My boyfriend Sean and I go to conventions in costume, or cosplay, with a group of friends.
“I’m going to do a whole year of Final Fantasy cosplays. I will do Ashe from XII, Gaius from XIV, and my favorite character from XIII,” Sean said.
“So you’re finally going to cosplay Sazh,” his friend commented, because Sean is black.
In Final Fantasy XIII, Sazh is the stereotypical wise black man who helps white people through their struggle. What bothers many other members of the cosplay community, including Sean and myself, is there are a number of cosplay elitists who believe people should only cosplay characters of their own skin colour.
Even if someone was able to choose from every possible fandom from all over the world, Indian, Middle Eastern, Native American, Hispanic, and black ethnicities would have a very small selection of fictional characters to choose from. It seems cosplayers of the black community are hit the hardest with this discrimination.
The most notable instance is when cosplayer Chaka Cumberbatch decided to cosplay her favorite character, Sailor Venus from Sailor Moon, to A-Kon 21, a yearly anime convention in Dallas, Texas in 2010.
After posting pictures that were taken at a Sailor Moon photoshoot on Tumblr, a “cosplay race war” started when a commenter posted, “For a black cosplayer, she did an amazing job.”
The racism was rationalized, as Cumberbatch wrote on xoJane: “Most will say that it’s an ‘accuracy’ thing, that in order to ‘look better’ it’s best to stick to characters ‘in your range.’”
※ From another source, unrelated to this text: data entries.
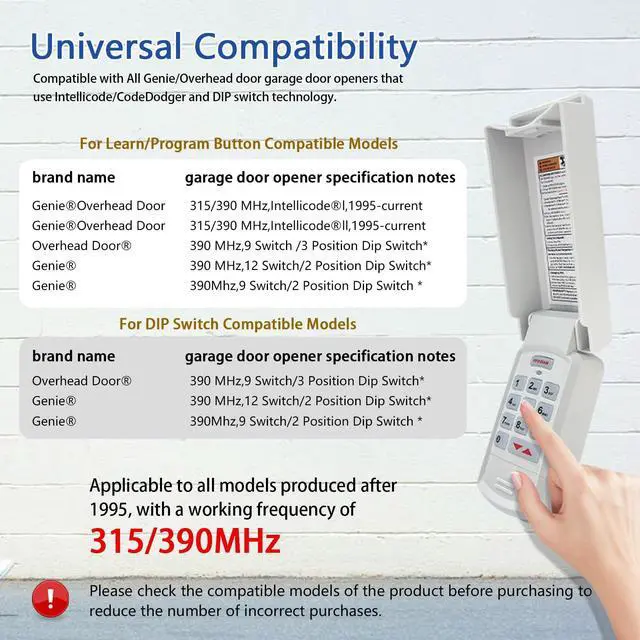 XDTKML Garage Door Opener Keypad for All Genie Intellicode Overhead Door Codedodger and Dip Switch Opener Compatible with 1995-Current 315/390MHZ
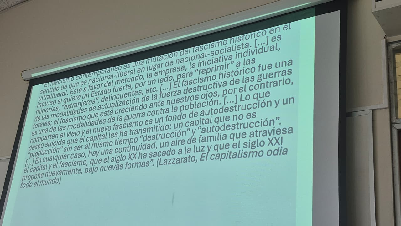La actividad se inició con las ponencias de Matías Cárdenas, sobre los microfascismos, Yerko Mejías, en torno a la filosofía de la técnica y el capitalismo algorítmico, y Joshua Castro sobre el cómo leer y usar la filosofía de Deleuze más allá de la conmemoración.
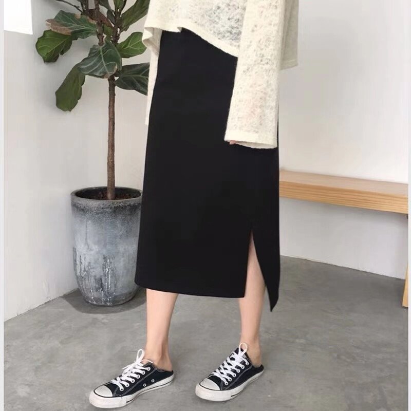 Large size Knit Half Body Dress Woman Spring Autumn New medium Long version Fat mm High waist Xianthin A character open fork One step skirt
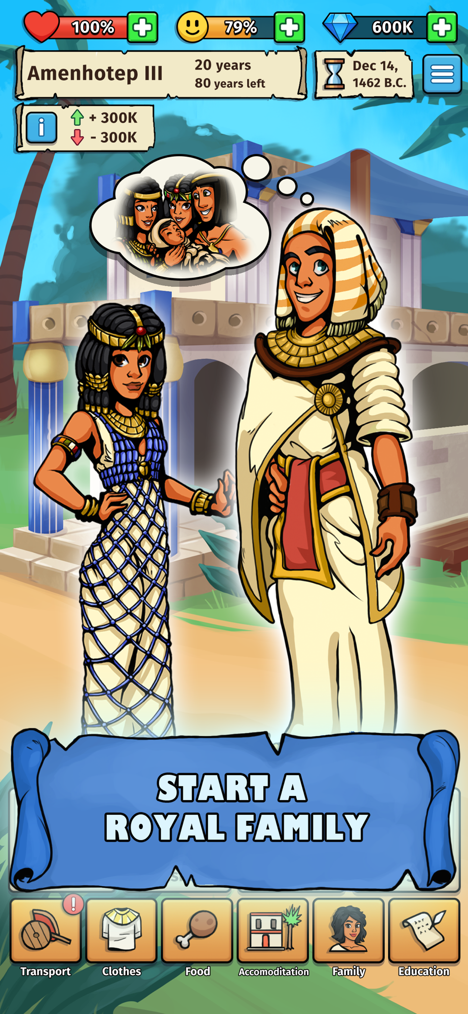 Start your way from a poor slave, upgrade your hero, work hard and get promotions in castes step by step. Different ways of earning money allow to create any story of success that you will choose. Your sim can walk in golden slippers or be a wise respected ruler, it is up to you!
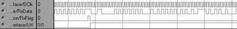 配置TR6903模式下仿真波形如所图 4示,以串行方式向TR6903写入6个字节的配置,改变TR6903工作频率,实现跳频。此时在ConfigClock的上升沿时从ConfigData送出10110010,00111010,01010110,00111010,10101010,10110010数据。Strobe为高时,ConfigClock停止。发送物理层帧部分仿真波形如图 5所示,以串行方式向TR6903发送物理层的帧。此时,先送出32位的0101…0101同步码,3个位的界字符111(TR6903检测到3个时钟周期以上的高电平),后面紧接是帧长及物理层负载。接收物理层帧部分仿真波形如图 6所示。TR6903在界定符发送完毕的较后一位,送出1个时钟周期高电平RxFlag信号;基带处理模块检测有效高电平,作为有效数据帧的开始,同时基带处理模块从LH引脚输出高电平,来响应TR6903。
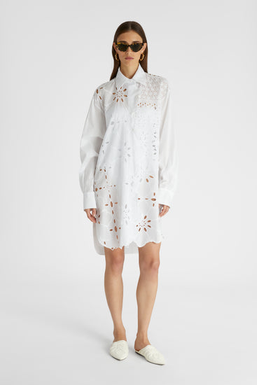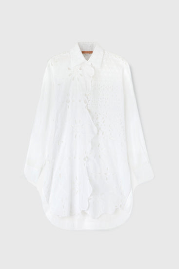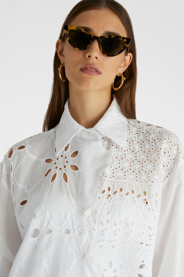 Oversized pure cotton muslin shirt with broderie anglaise embroidery on the front and back of the sleeve.
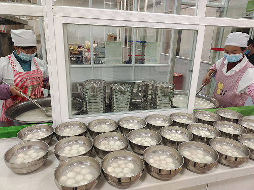 2月5日早上,当工作人员为老人端上一碗碗美味可口的元宵时,老人们吃着元宵,甜在嘴里,乐在心里,每个人脸上露出了幸福的笑容。
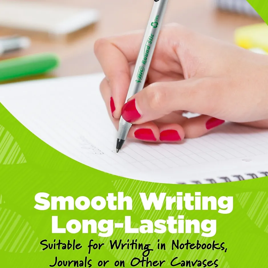This ball pen is not only made from 97% recycled plastic excluding ink cartridge, but the paperboard used in the packaging is made up of 100% recycled content and is also recyclable. With a medium 1.0 mm ballpoint, it’s the perfect BIC pen for everyday writing. The smooth writing ink system delivers hours of effortless writing – this pen is proven to write 90% longer on average than PaperMate InkJoy 100 Stick Ball Pen(1). A classic, slender, semi-clear barrel acts as a handy window when checking pen ink levels. These blue ink pens are suitable for righties and lefties, as the blue ink dries quickly to prevent smearing. Use the convenient clip to hook the ink pen onto your pocket or notebook. Looking for larger quantities of office or school supplies? Choose these bulk pens, which contain 50 blue pens. Pick up BIC Ecolutions Round Stic Ballpoint Pen for a high-quality, affordable writing utensil you can trust. (1)PaperMate and InkJoy are trademarks of Newell or an affiliate. Newell has not sponsored or approved and is not affiliated with this BIC branded product.
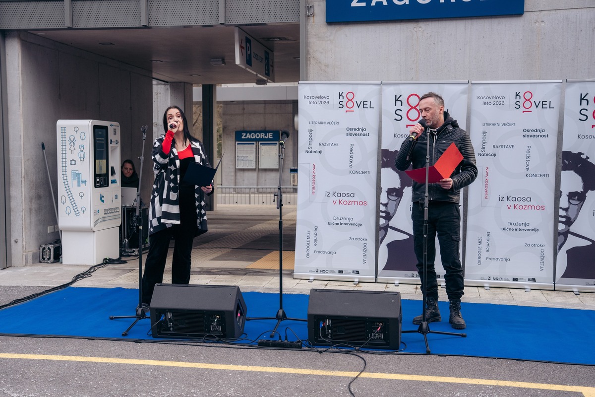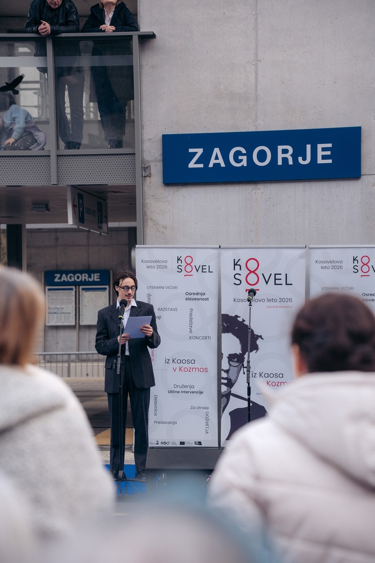 Kosovelove delavnice na Vlaku do ZagorjaPot iz Sežane do Zagorja je skupini nekaj več kot 50 oseb, ki so jo sestavljali obiskovalci in zaposleni v Občinski upravi Občine Sežana, ponudila nekoliko drugačno, trajnostno obliko potovanja, obogateno s spoznavanjem pesnika s Krasa in Kosovelovega leta 2026. Delavnice na vlaku so povabile v svet Kosovelove poezije, k razmisleku o pesnikovi vlogi v sodobnosti in skupni prihodnosti. Pomešani v skupine so potovalci iz razrezanih verzov sestavljali Kosovelove pesmi, pisali manifeste in naslove iz časopisnih prispevkov preobrazili v Kosovelove lepljenke.
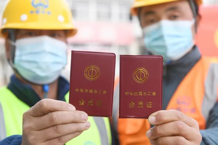 2022 年 1 月 12 日,阜阳市一建筑工地的建筑工人领到全国统一印制的《工会会员证》。 人民视觉/供图
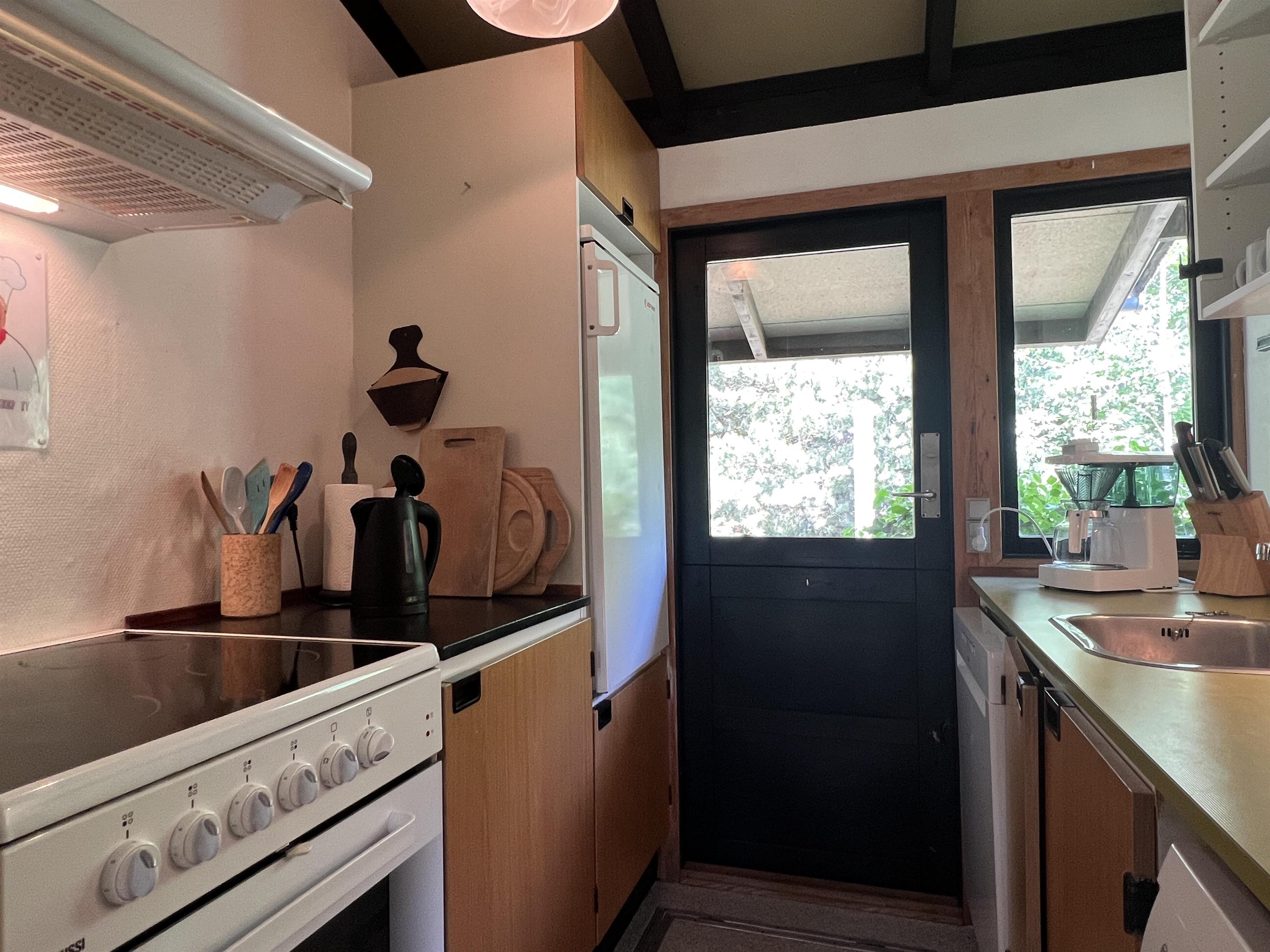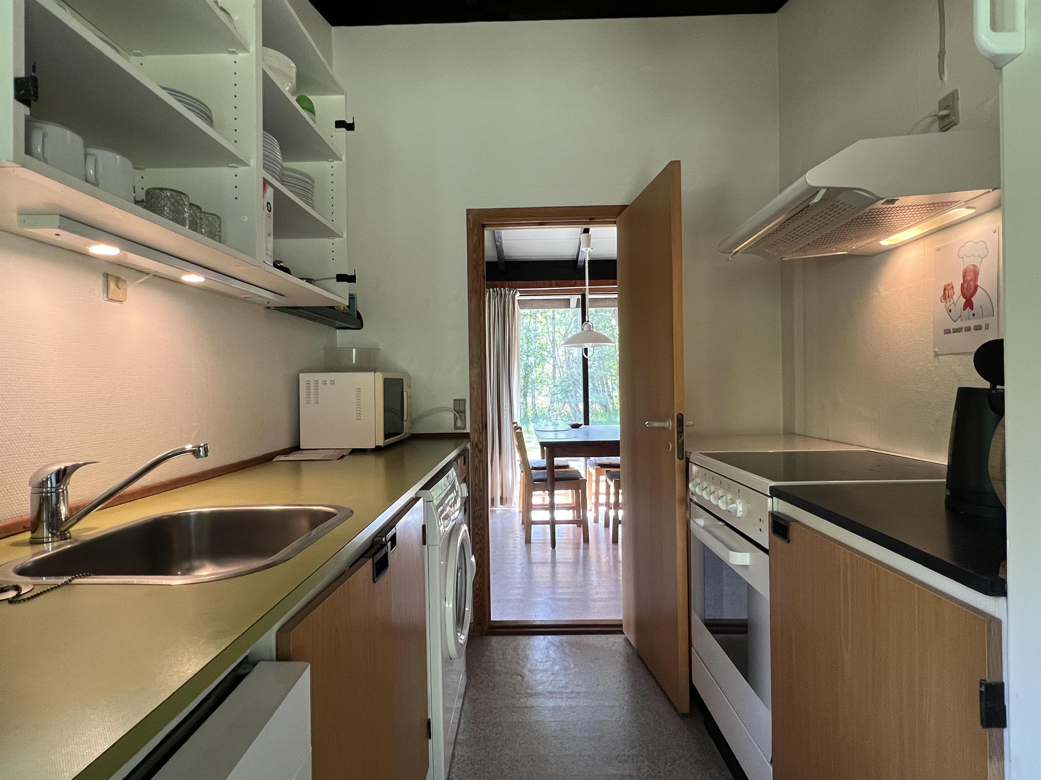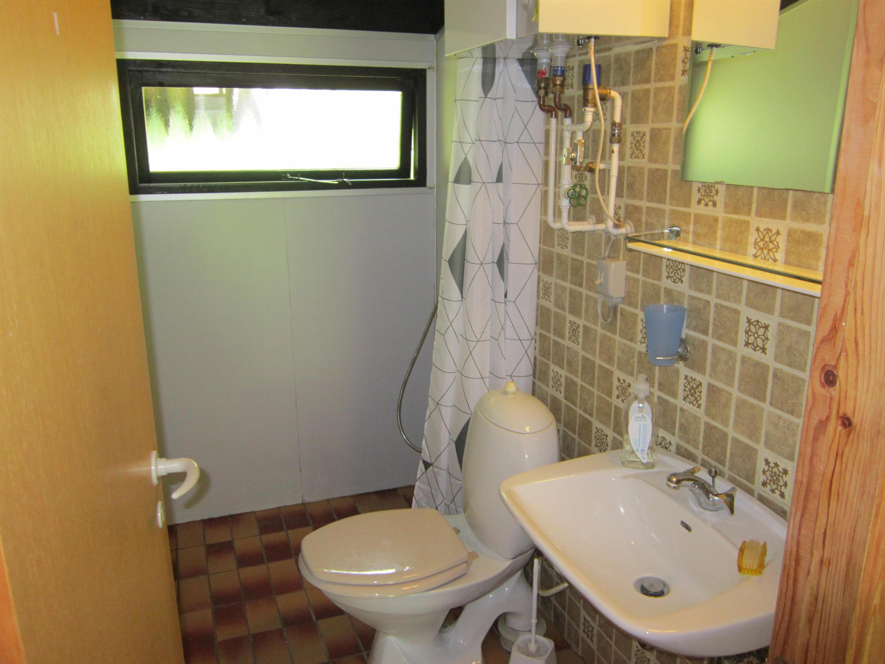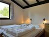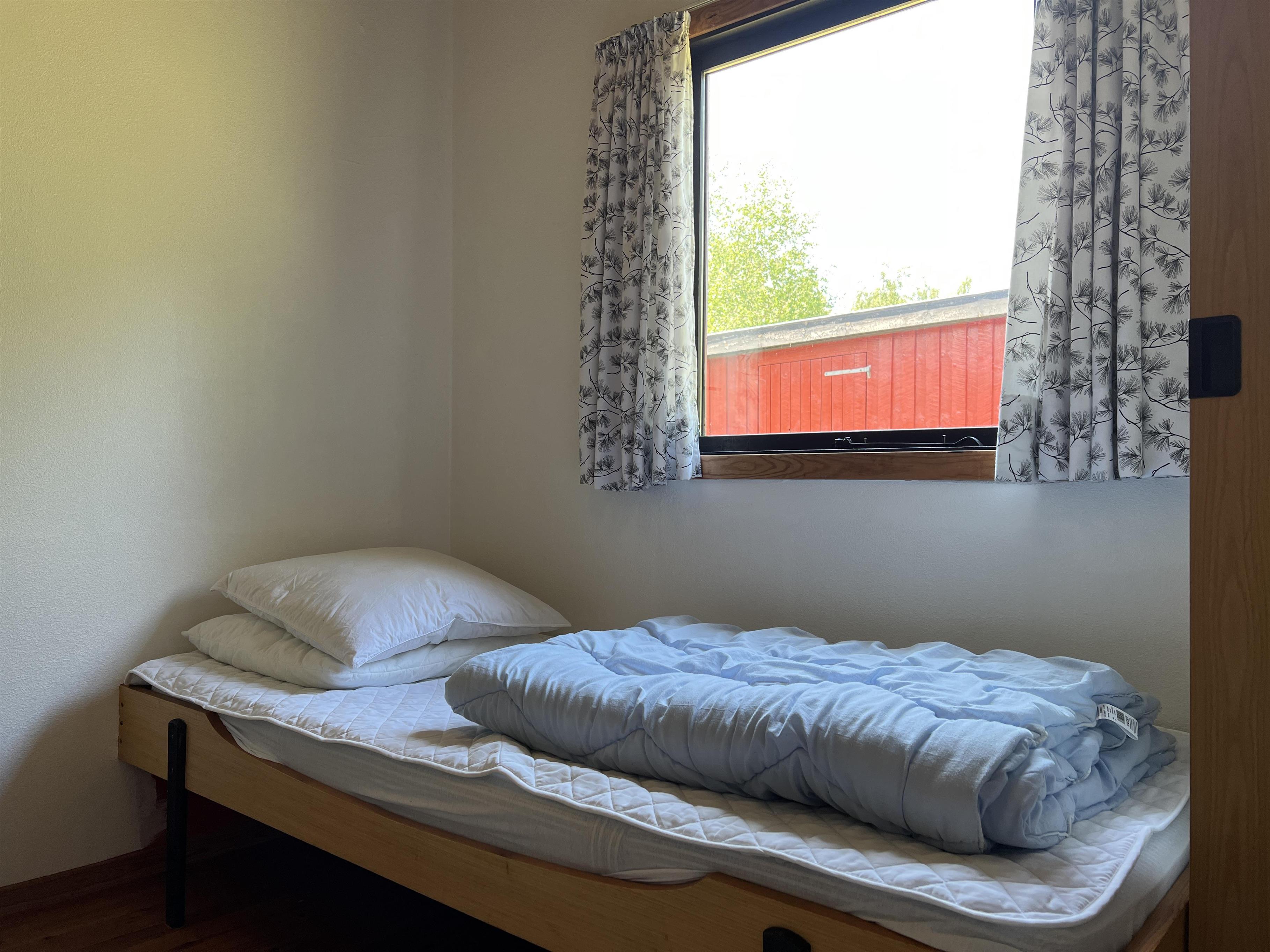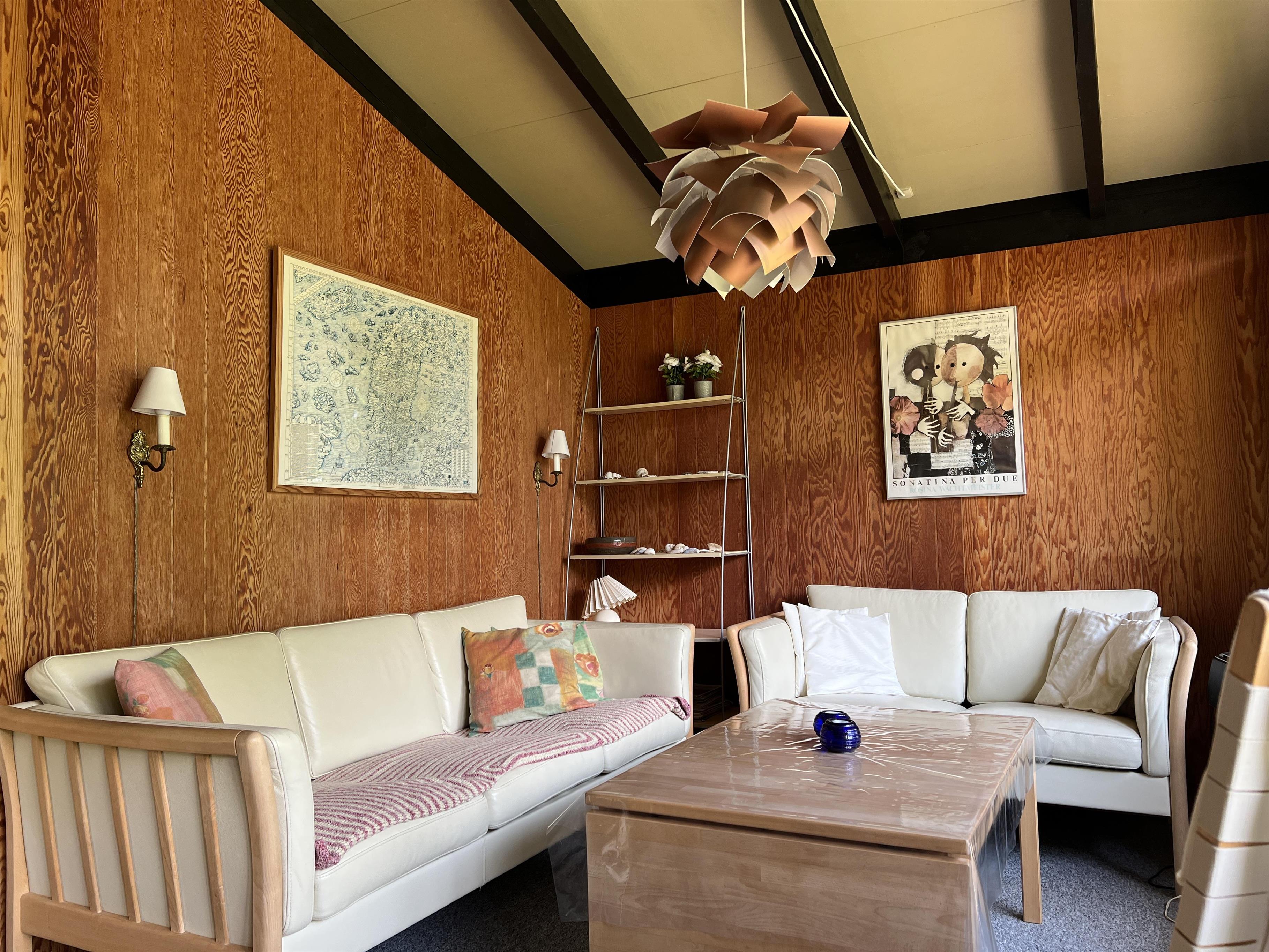 Stuen er indrettet med komfortable møbler og der er brændeovn. Tre soverum, hvoraf to er med dobbeltseng og et med en sovesofa.

This is also a popular rationalization for plus-size cosplayers and cosplayers who cross-dress in costumes of the opposite gender (known as cross-players), even though it is almost physically impossible to be “in a character’s range” for a lot of comic book, cartoon, and video game characters.
This “rational thinking” is still racism, and sadly, by commenting anonymously online, most people get away with it. It’s rare that anyone acts on the racism in person.
Rina Cosplayer, a Toronto cosplayer who has gone as characters such as Jade from the video game Mortal Kombat and Sailor Mars from Sailor Moon, knows this all too well.
“I noticed that some people make fun of my skin tone, and they’re all Asian,” she says. “They never said it, but in a sense they made me feel like I shouldn’t cosplay unless the character is dark skinned.”
I’ve seen this firsthand when I, as the proud girlfriend, was showing off one of Sean’s cosplays of KOS-MOS from Xenosaga. One classmate, who was familiar with the character, said, “Why KOS-MOS?”
These people do not explicitly say someone should not cosplay specific characters because of their skin tone, but it’s just as damaging for current and future cosplayers.
Cumberbatch and I share a similar experience—both of us have friends who have been scared off from cosplaying outside their race.
Why do people still choose to segregate based on skincolour? To the cosplayer wearing the costume, it’s all about the love for the character.
But to others, it’s all about their idealized person in the costume.
It’s still discrimination even if it’s about which fictional character is being emulated in real life. There are more important things for people to be worried about than whether a person who you may never meet has the right skin colour for a character, let alone if their nose is too wide. And yes, some went there with Chaka Cumberbatch.